Зеркальный шкаф разнесен вдребезги. Вещи сорваны с вешалок и валяются на полу. Все выглядит так, словно здесь была драка. Впрочем, так оно и есть. Митчелл борется с собой, круша все, что попадается на пути. Страшно ли мне попасть под горячую руку? Нет, я этого не боюсь. Но мне жутко оттого, что его животная сущность затмевает того Митчелла, которого я полюбила.
Вчера я спрятала все ножи в корзине с грязным бельем. Точно знаю, что он может фатально себе навредить. Жутко всё, но неизвестность хуже всего. Я могу потерять Митчелла в любой момент. Никогда не видела его таким хрупким и уязвимым.
Всё произошло так быстро. Сменилось по щелчку пальцев. Еще неделю назад мы были счастливы. Мне казалось, я смогла его излечить. Как же это было глупо и наивно! Никогда раньше я не сталкивалась с расстройствами психики. И даже близко не представляла, насколько это страшно. С недугами тела можно бороться. Ведь человек остается прежним. Да, у него может испортиться характер, но в целом не он станет совсем чужим. Ментальные же проблемы крадут человека и у себя, и у близких. Каждый день я стараюсь разглядеть прежнего Митчелла. Хоть что-нибудь. Какую-нибудь мелочь. Взгляд. Жест. Тон голоса. С каждым днем зацепок все меньше.

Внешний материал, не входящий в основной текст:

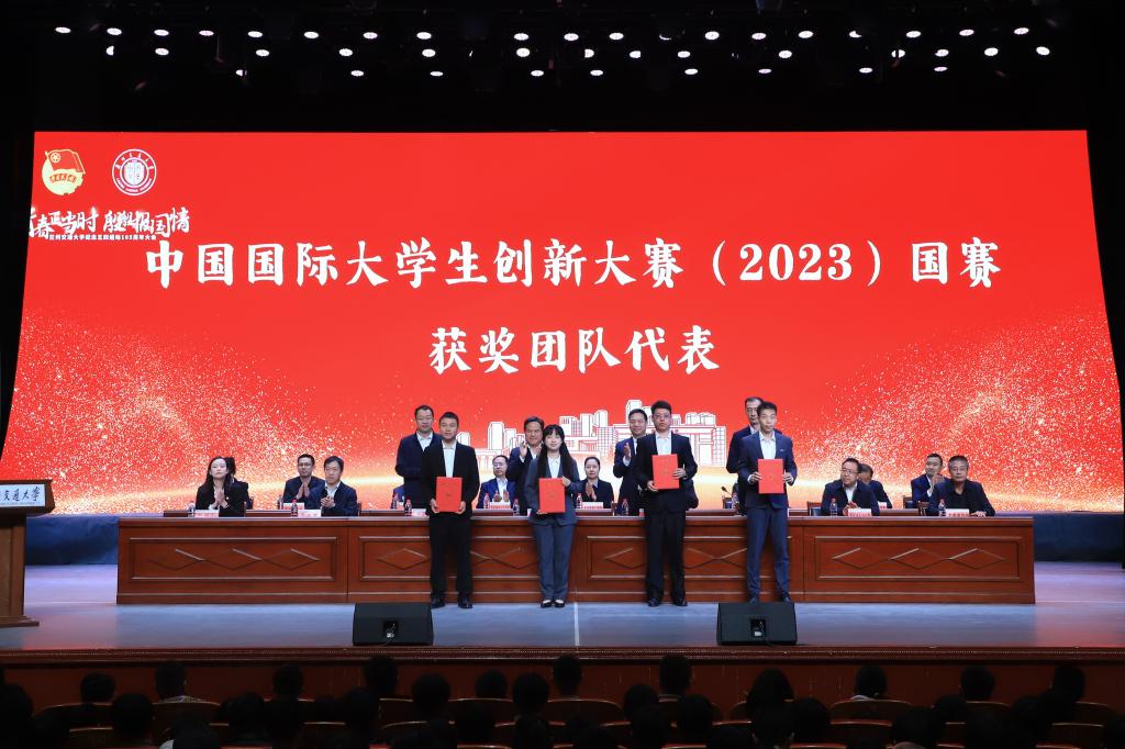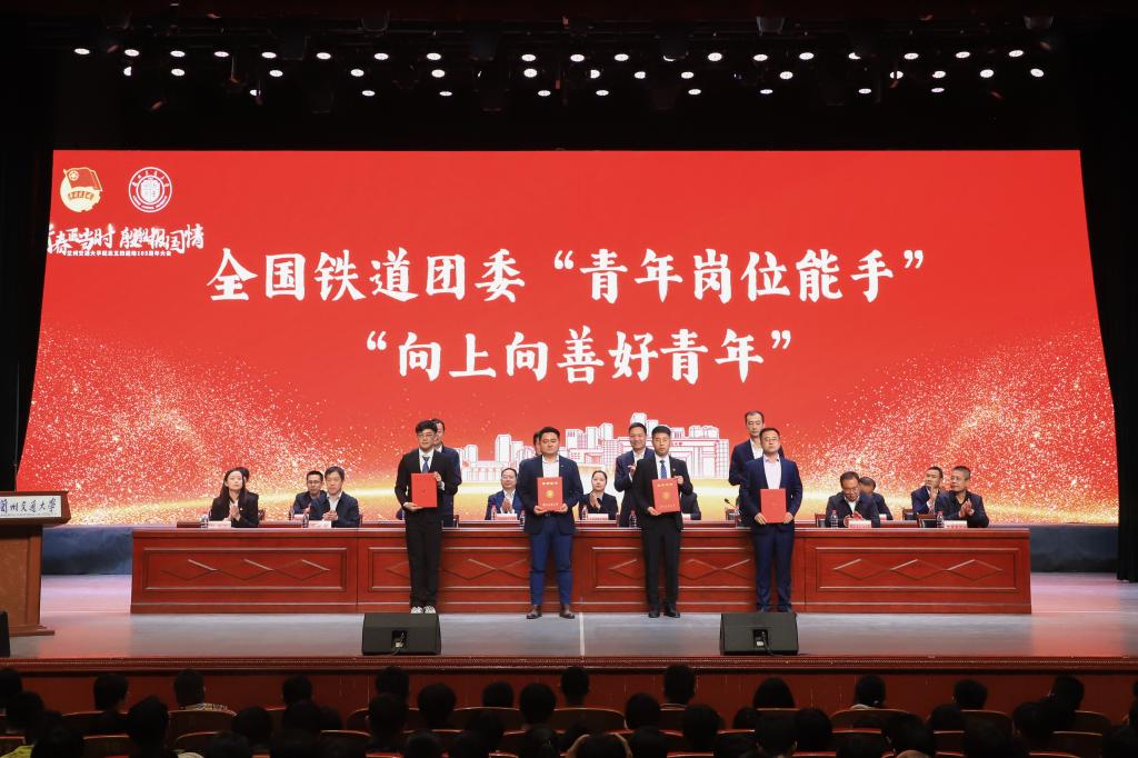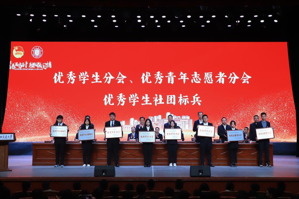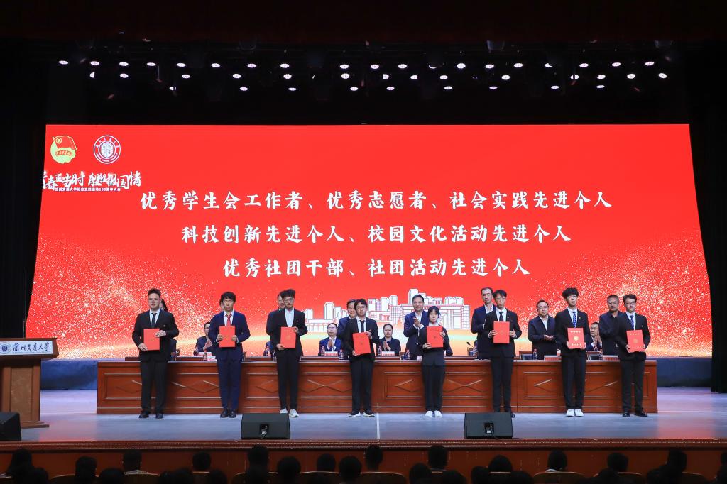 校领导分别为国家奖学金获奖代表;中国国际大学生创新大赛(2023)国赛获奖团队、第十八届“挑战杯”全国大学生课外学术科技作品竞赛获奖团队;詹天佑奖学金获奖者、茅以升铁道教育希望之星奖获奖者;校级“社会实践先进个人”“校园文化活动先进个人”“科技创新先进个人”“优秀学生会工作者”“优秀社团干部”“社团活动先进个人”和“优秀志愿者”获奖代表;校级“优秀青年志愿者分会”、校级“优秀学生社团标兵”、校级“优秀学生分会”获奖代表;校级“优秀共青团干部”和“优秀共青团员”获奖代表;校级“五四红旗团委”“五四红旗团支部”获奖代表;2023年暑期“三下乡”社会实践优秀项目及个人获奖代表;省级“优秀共青团干部”、校级“优秀专职共青团干部”获奖者;全国铁道团委青年岗位能手、“向上向善”好青年获奖者分别颁发了奖项。
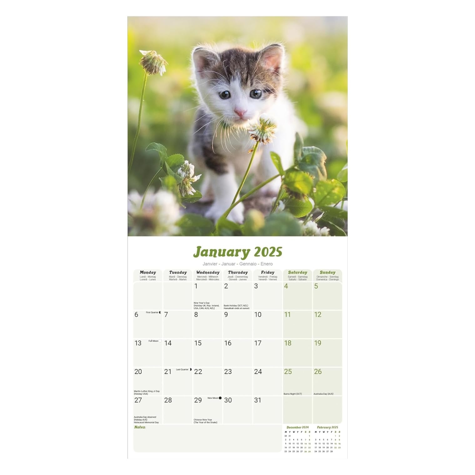 Featuring adorable feline friends in various poses and settings, this calendar will bring a smile to your face every day of the month. Whether you’re a fan of tabbies, calicos, or Siamese cats, there’s something for everyone in this charming calendar.
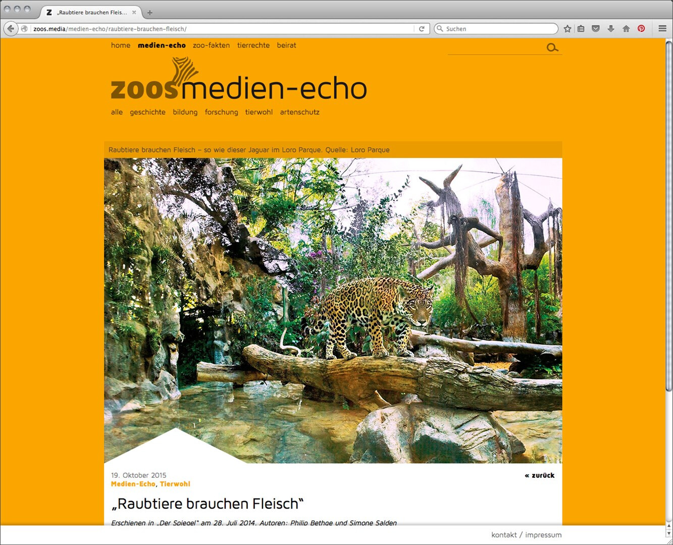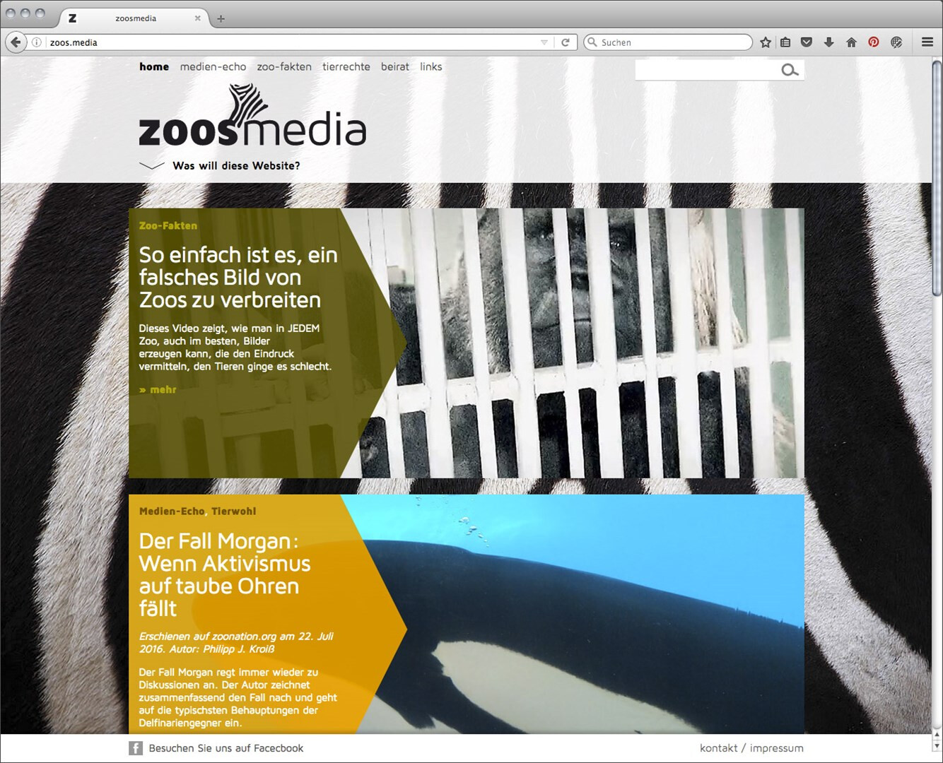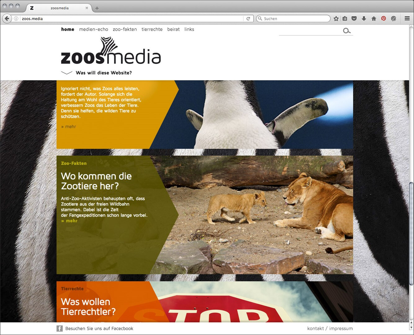 zoos.media möchte mit gesammelten beiträgen belegen, dass zoos zu wichtigen kulturellen einrichtungen der moderne gehören. webdesign im auftrag der stadt land fluss gmbh, programmierung:
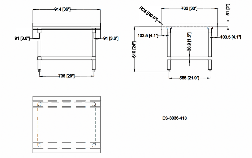 Chefco, ES-3036-418, 30" x 36" 18-Gauge Stainless Steel Equipment Stand with Galvanized Undershelf
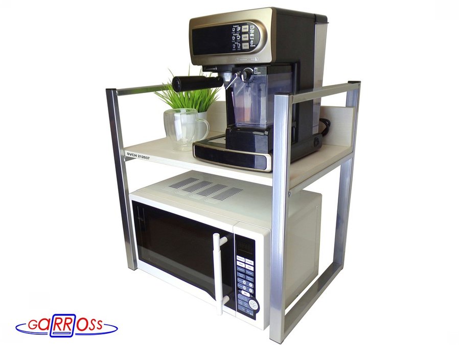 Универсальная подставка для бытовой техники (микровоновой печи, кофемашины, тостера, электрического чайника и др) позволяет эффективно использовать место на столе.
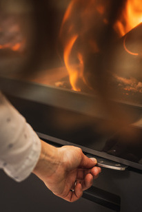 In the three phases of combustion (lighting, firing phase, embers phase), regulating the air supply is crucial for wood consumption. The air regulation is carried out either via the manual control or the fully automatic control. If too much air is supplied to the fire during the firing phase, the wood burns much faster. If the fire receives too little air, this leads to poor combustion. With manual air regulation, it is therefore important to ensure the correct setting. The fully automatic control regulates the air supply automatically.
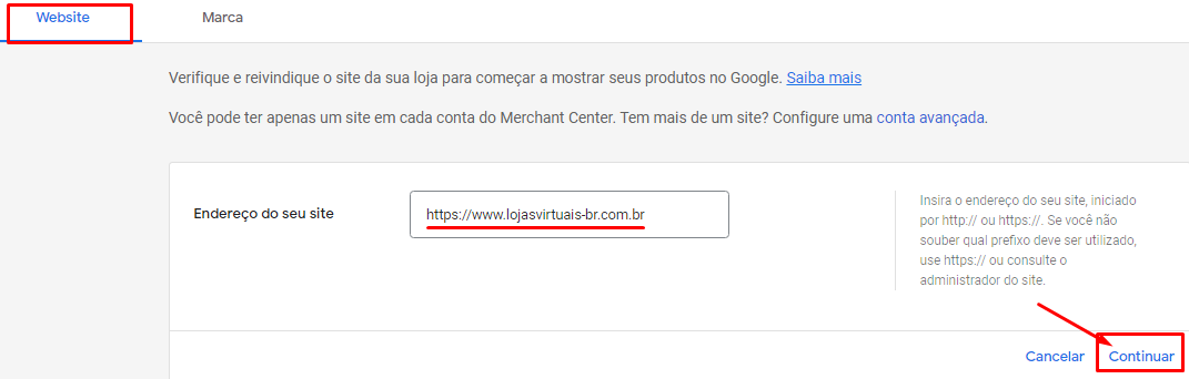 3 - Na aba "WEBSITE", informe a URL de seu site e clique em "CONTINUAR".
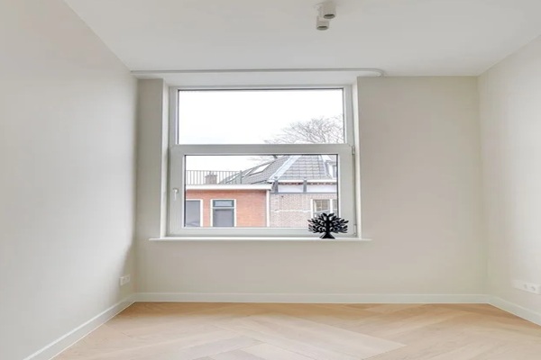 Indeling: de woning met beschermd stadsgezicht heeft 3-kamers waarvan 2 ruime slaapkamers. Begane grond: via de gezamenlijke entree kom je in een ruim en verzorgd trappenhuis. Bij binnenkomst kom je in een ruime hal met een stijlvolle houten visgraatvloer en een praktische vaste kast. Vanuit de hal heb je toegang tot het separate toilet en de moderne open keuken. De keuken is een echte eyecatcher en beschikt over een kookeiland en diverse inbouwapparatuur, waaronder een koelkast, combimagnetron, inductiekookplaat met afzuiging en een vaatwasser. De zeer lichte en royale woonkamer is voorzien van airconditioning en een fraaie houten visgraatvloer, wat zorgt voor een luxe en comfortabele uitstraling. Via de hal bereik je twee ruime slaapkamers en de badkamer. De badkamer is modern uitgevoerd en voorzien van een inloopdouche, wastafel en een aansluiting voor de wasmachine.
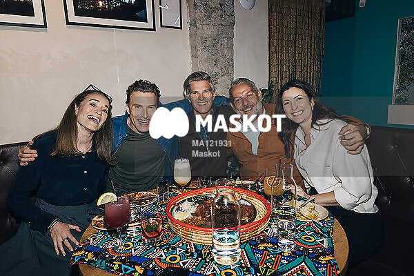 Porträtt av glada vänner som sitter på resturang
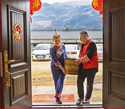 1月22日,浙江省丽水市景宁畲族自治县鹤木岭村安置点,党员志愿者抬着装满年糕坯的甑子走进村民新家,迎接新春佳节。 |
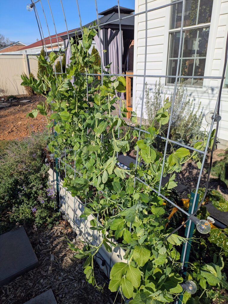 For fall, the two raised beds closest to the house (the ones with the cattle panel trellis) had sugar snap peas, lettuce, kale, green onions, and an assortment of other stuff. We didn’t get many sugar snap peas—they usually aren’t prolific in the fall. But I still try every year!

Медленно ступаю по осколкам. Так и сердце мое хрустит, разбитое на мелкие кусочки. Митчелл делает это каждый день, а я собираю то, что осталось. Этот процесс бесконечен. Нет ни выходных, ни передышек.
Дверь в подсобку приоткрыта. Липкий пот струится по спине, а сердце так колотится, что мешает дышать. Что меня там ждет? Пусть будет все что угодно, только бы он был жив.
Митчелл сидит на полу, опершись затылком о ножку стола. Из одежды на нем только нижнее белье. В окровавленных пальцах зажата опасная бритва, лезвие которой всё в бордовых сгустках. В воздухе тяжелый запах крови. Меня почти парализует.
Руки от локтей до запястий покрыты длинными тонкими порезами, которые сливаются в один чудовищный узор. Некоторые уже схватились сукровичной корочкой, другие кровоточат. Тонкие тягучие струйки стекают на пол и застывают на кафельной плитке кусочками сырой печенки. Нашинковал себя бритвой.
Опускаюсь рядом на колени. Должно быть, останутся шрамы. Так тупо думать об этом сейчас, но меня злит, что он уродует то, что я так люблю.
— Митчелл, зачем ты это сделал?
— Знаешь, Бекки, — голос глухой, словно доносящийся из колодца, и чужой. — Иногда бывает так больно, что пусть уж лучше страдает тело, чем душа.
Я обнимаю его, и Митчелл прижимается ко мне так сильно, что почти делает больно. Кровь пропитывает мою футболку. Он плачет, уткнувшись лицом мне в плечо.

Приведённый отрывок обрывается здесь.